If a Web site can email your password when you click on Forgot
Password, it's not serious about security. Your cleartext password is
sitting in a database somewhere. A secure site will reset your
password to a random number, send that in a link and invalidate it
after the first use, which required you to choose a new one.
Biometrics (DNA, retina, fingerprint) and implanted chips can be
forged easily if they're sent across an unencrypted network.
| |
| Howard Brazee 2005-03-22, 3:55 am |
|
On 21-Mar-2005, l.willms@jpberlin.de (Lueko Willms) wrote:
> I had written a database application (not in COBOL) for a site with
> 4 to five users, also installed the Windows network, and configured
> the passwords to be changed at least every 90 days.
>
> One of the people there used to toggle between 2 different
> passwords, and she kept them on a little index card in the top drawer
> of her desk ...
>
> What can you do ...
I don't know. But the industry needs to recognize that the system doesn't
work. MicroSoft has the power to do something about it, maybe by coming out
with a keyboard that has a thumb-print reader and including some standard ways
of producing verifications using this that can be easily incorporated by web
sites. The hard part would be allowing it to work from various computers, but
that isn't a necessary condition.
| |
| docdwarf@panix.com 2005-03-22, 3:55 am |
| In article <9TJmUmnPflB@jpberlin-l.willms.jpberlin.de>,
Lueko Willms <l.willms@jpberlin.de> wrote:
[snip]
> I had written a database application (not in COBOL) for a site with
>4 to five users, also installed the Windows network, and configured
>the passwords to be changed at least every 90 days.
>
> One of the people there used to toggle between 2 different
>passwords, and she kept them on a little index card in the top drawer
>of her desk ...
>
> What can you do ...
One of the sayings I was taught was 'You can make something foolproof...
but not damned-fool proof' and another was 'When you think you have made
it foolproof someone will build a better fool.'
DD
| |
| Howard Brazee 2005-03-22, 3:55 pm |
|
On 21-Mar-2005, docdwarf@panix.com wrote:
> One of the sayings I was taught was 'You can make something foolproof...

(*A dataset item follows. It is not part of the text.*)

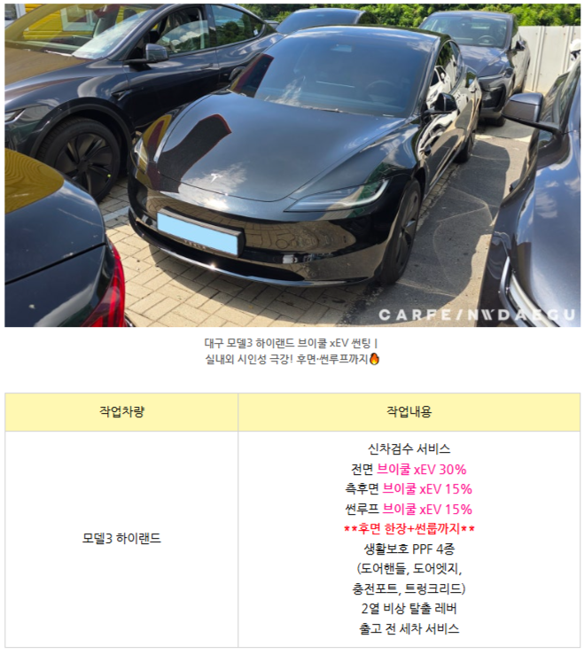 [테슬라 모델3 하이랜드] 브이쿨 xEV 썬팅
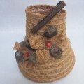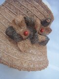 飾りのお花は、栗で染めた後の色止めと発色を良くするための媒染の違いで黒っぽい色と茶色の二色になります。

> but not damned-fool proof' and another was 'When you think you have made
> it foolproof someone will build a better fool.'
Unfortunately, damn-fools do exist and need to be accounted for when security is
an issue.
| |
| Michael Wojcik 2005-03-22, 3:55 pm |
|
In article <1111460663.843330.300120@z14g2000cwz.googlegroups.com>, "Richard" <riplin@Azonic.co.nz> writes:
>
> Microsoft is the _problem_ not the solution. Unix had expiring
> passwords and other mechanisms decades ago.
Expiring passwords are part of the problem, not a solution. Expiring
passwords make authentication more cumbersome for users, which is a
bad thing (because it discourages secure practices) unless there's
significant security benefit; they make it much easier for users to
forget passwords, or to try to use memorable (and thus often guess-
able) ones; and in practice they've been shown to greatly increase the
opportunities for various social-engineering attacks. For example,
IT help desks in organizations with password-expiration mechanisms
are often swamped with password-reset requests (particularly if all
passwords across the organization expire simultaneously), and so do
little or nothing to verify them.
> MS barely requires passwords
True. Microsoft's reluctance to implement any sort of security in
the "home" editions of its OS has done no one any favors.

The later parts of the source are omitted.